Loss 4. And whether you realize it or not, you—all of us—personally are deprived by not having Don in the world–the ripple effect of having such a good person in the world means they suffer from the loss of his presence—these are losses not only to beloved friends, students, colleagues, but also the whole wider community of Bloomington, where Don affected many people
Loss 5. In cases like Don’s and Prof. Barrett’s, we—the whole United States—whether we ever read Don’s books or not, we also lose an important cultural asset—a force for understanding and knowledge and wisdom in the world—by someone who contributes to all of us things that most people cannot contribute. This murder is a terrible loss to his readers—and his wider public—those in Ireland and the Ivory Coast, in Italy and Brazil—who heard him speak or would have in the future.
6. Finally, murder is always dreadful. But in this case, the loss is especially terrible & deep, because in addition we suffer from the loss of the work Don will never complete. This is a terrible deprivation—again to the whole world, and whether they would read him or not.

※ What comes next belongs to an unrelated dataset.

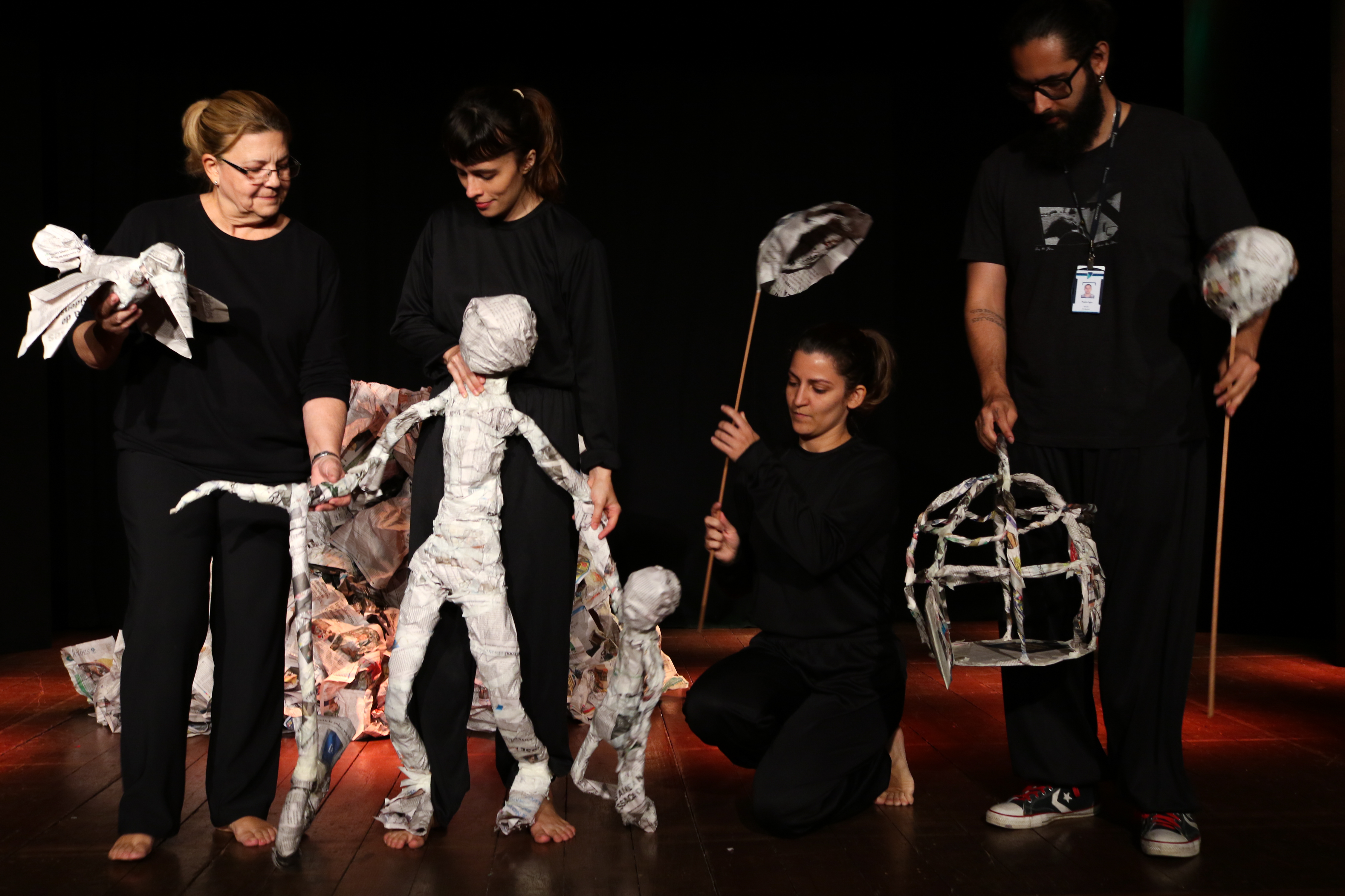 Como material, o papel de jornal. Como sentimento, a descoberta. Esses foram os componentes que integraram a peça “Estou aqui”, feita pelo Teatro Alegretto, em novembro. Com um roteiro inédito e autoral, a peça buscou levar aos alunos da Educação Infantil um novo tipo de manipulação de formas animadas, estimulando a sua imaginação. Nesse espetáculo, muito mais do que ver, as crianças foram convidadas a sentir a peça.

He was growing so much recently–as a person and as an author. He read me over the phone one night a long passage from an essay he had been struggling with for months. I’d like to go on record as saying that that passage was as good as anything I’ve ever read—as good as the very best that has ever been written in English—or any other language I’ve read. As he read it, my knees got wobbly. It was jaw-droppingly good—the kind of thing that makes you thing, “You can DO that in language?” Other people have written as well as that—as beautifully, as powerfully. But no one will write better.
One of our worst losses is of all the work he did not live to write.